This was a gag birthday gift from my friend Tasha. She spent several months in Africa earlier this year, and I’m betting she bought these in the Nakumatt grocery store in Kigali. When I was in Rwanda last summer, I had a good laugh at the condom packages in the checkout line displays at the Nakumatt every time I stopped in there. Bleach blond girls with 80’s style shredded acid-wash short shorts, pictures that look like the covers of Harlequin romance novels from the ’90s. And typos galore, which just add to the giggle factor.
In this particular exemplar, we have a pack of 3 strawberry flavoured, coloured, ribbed willy wraps. Check out that couple laughing in the sunset. Mazungu tourists planning on capping off their stay at Lake Kivu with a strawberry-scented roll in the sand? “Comme j’adore les fraises, mon amour.” Love it.
(This brings to mind a funny story about raiding somebody else’s fruit-scented condom stash, but y’all don’t need to know the details. Safe play was had. Strawberry scent during sex is kinda disturbing. End of story.)
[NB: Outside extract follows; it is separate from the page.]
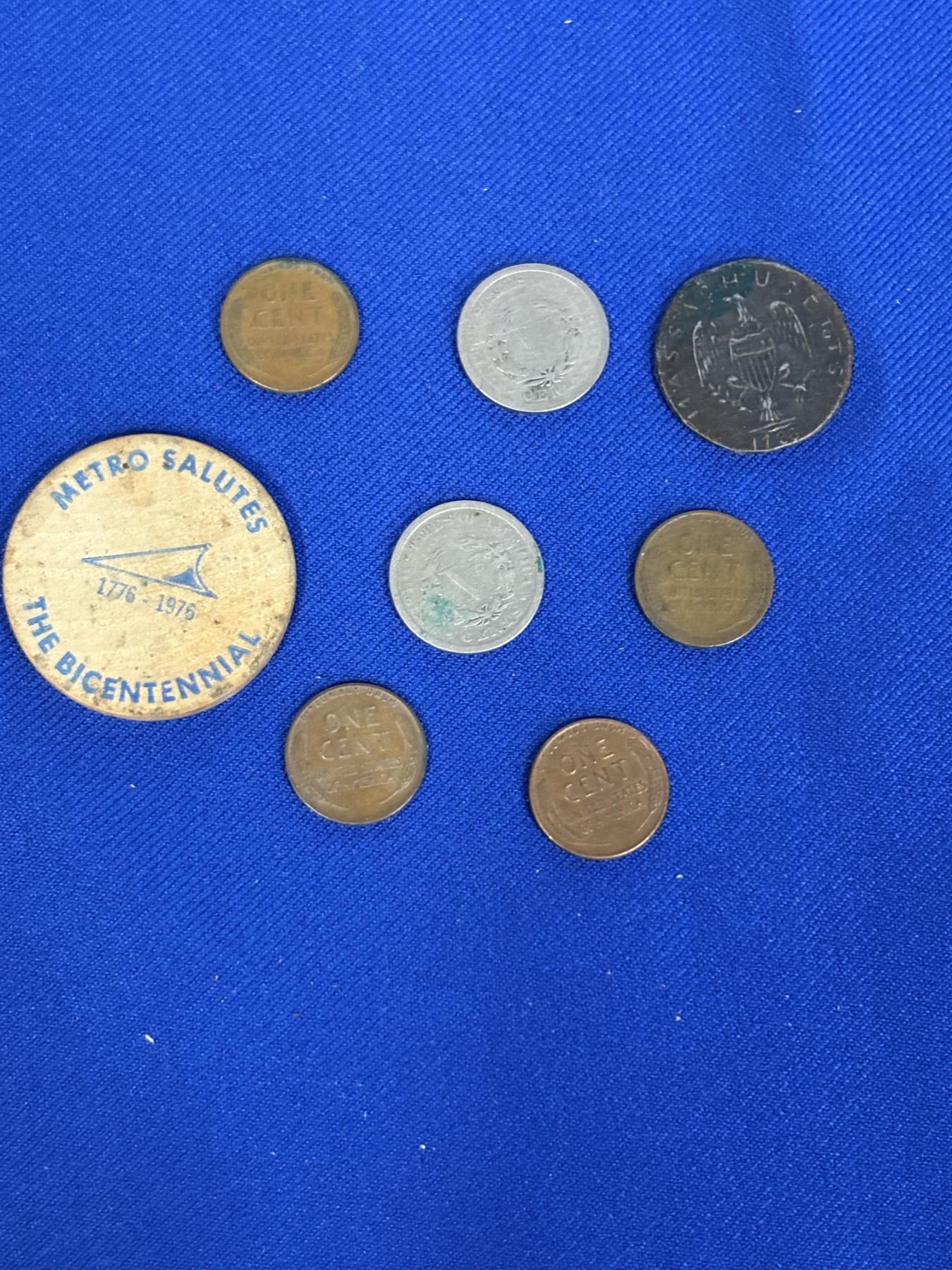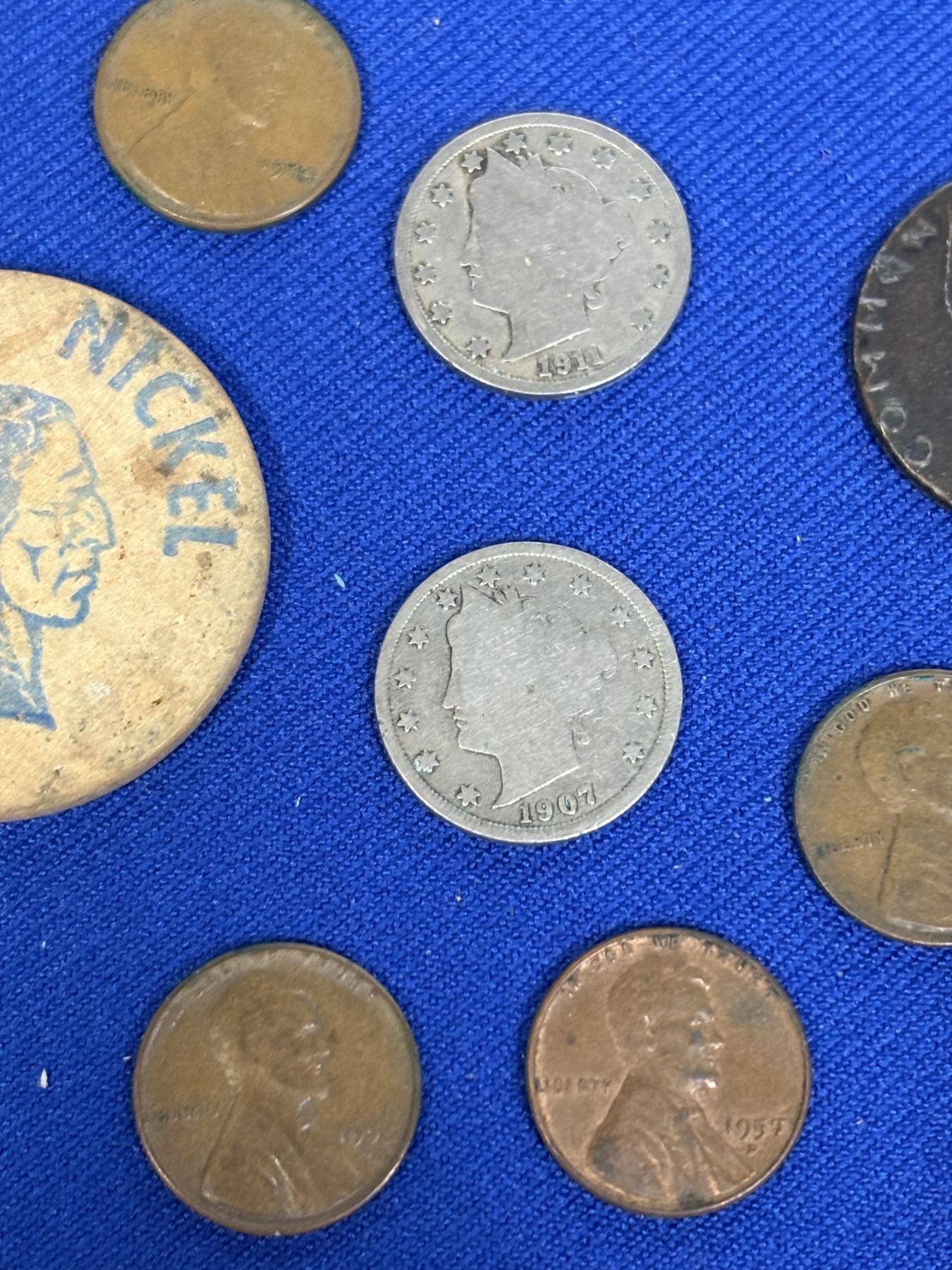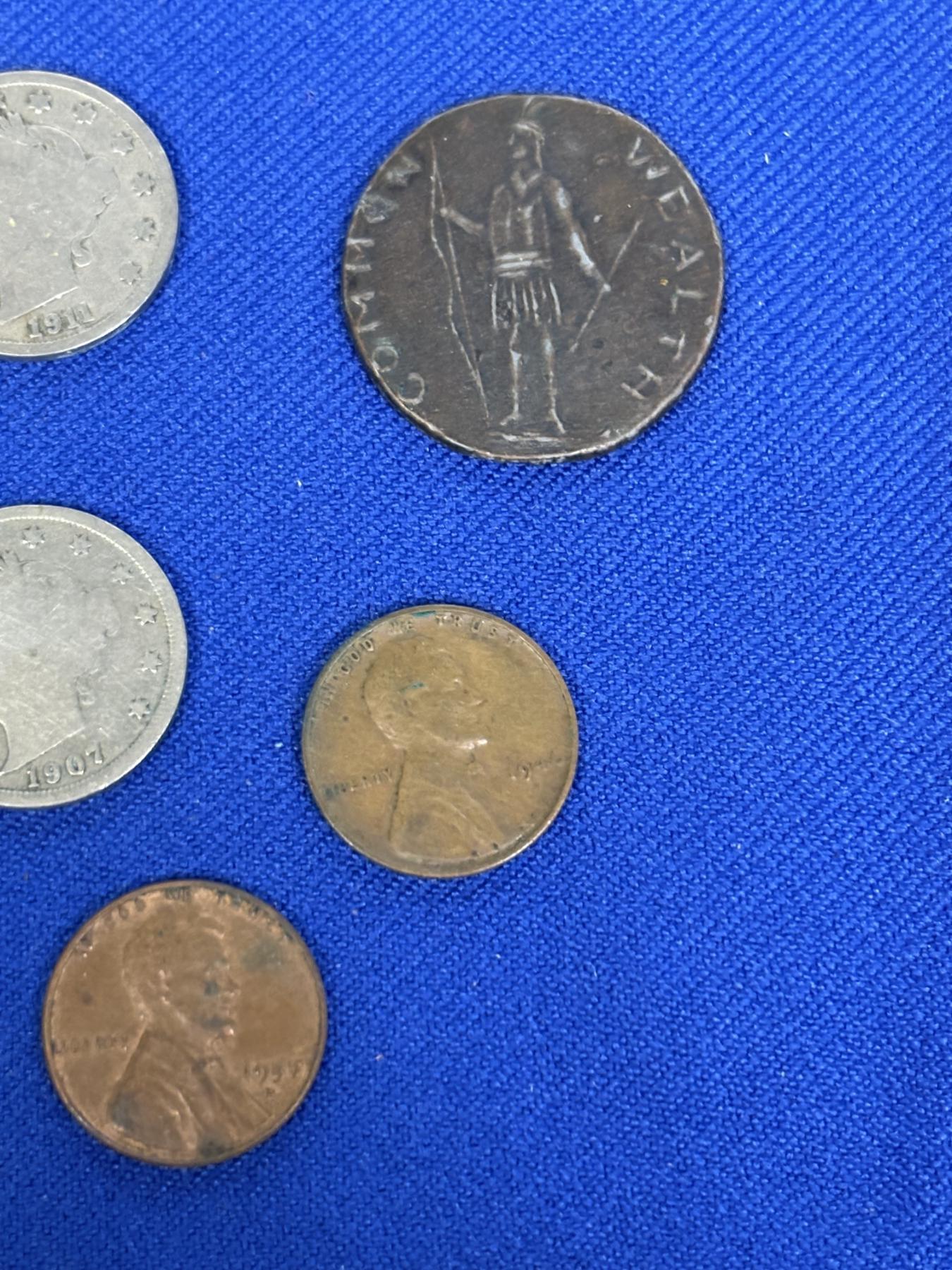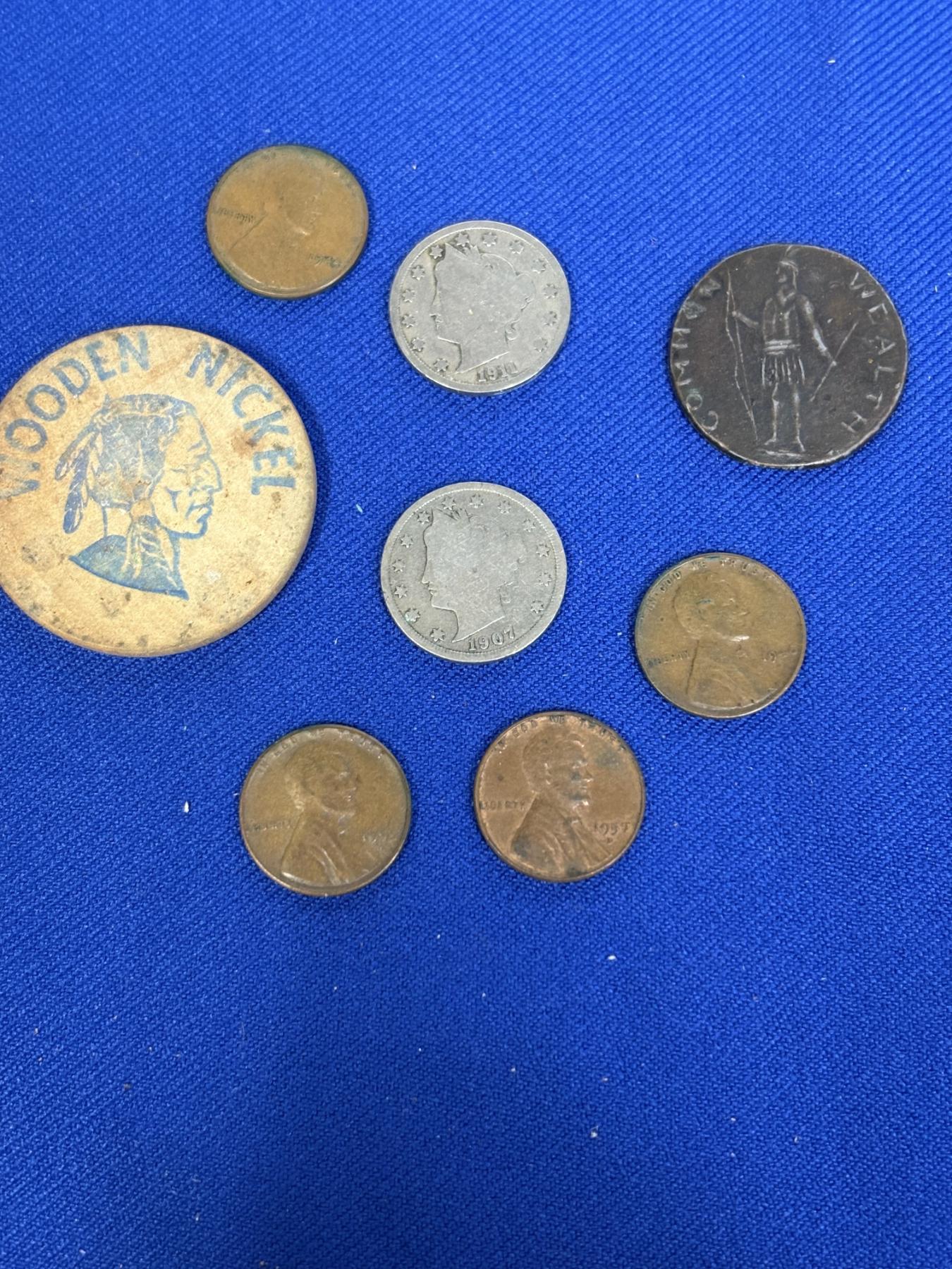 8 Coins - FV $0.20 - Wooden Nickel - (2) V Nickels - 4 Pennies - 1788 Commonwealth Penny

But giggles aside, I wonder what birth control is going to look like in the future, even though my fertile days will be long behind me in 2040 (I will not be doing in vitro when I’m getting the seniors’ discount at the Value Village, I can ASSURE you). In current usage, we have a whole array of ways to prevent the making of babies (the Pill, IUDs, injectables like Depo-Provera, spermicides, sponges), but not too many effective ways of preventing the spread of STIs other than the trusty ol’ love glove, as far as I am aware. (Please enlighten me if I am mistaken.)
And in the future? Will spray-on condoms ever take off? Will spermicides (like the current Nonoxynol-9) be modified to also become effective protection against STIs? Will we have some kind of Star Trekish scanner device that zaps viruses in their tracks? Or will we still be unrolling strawberry-flavoured diving suits?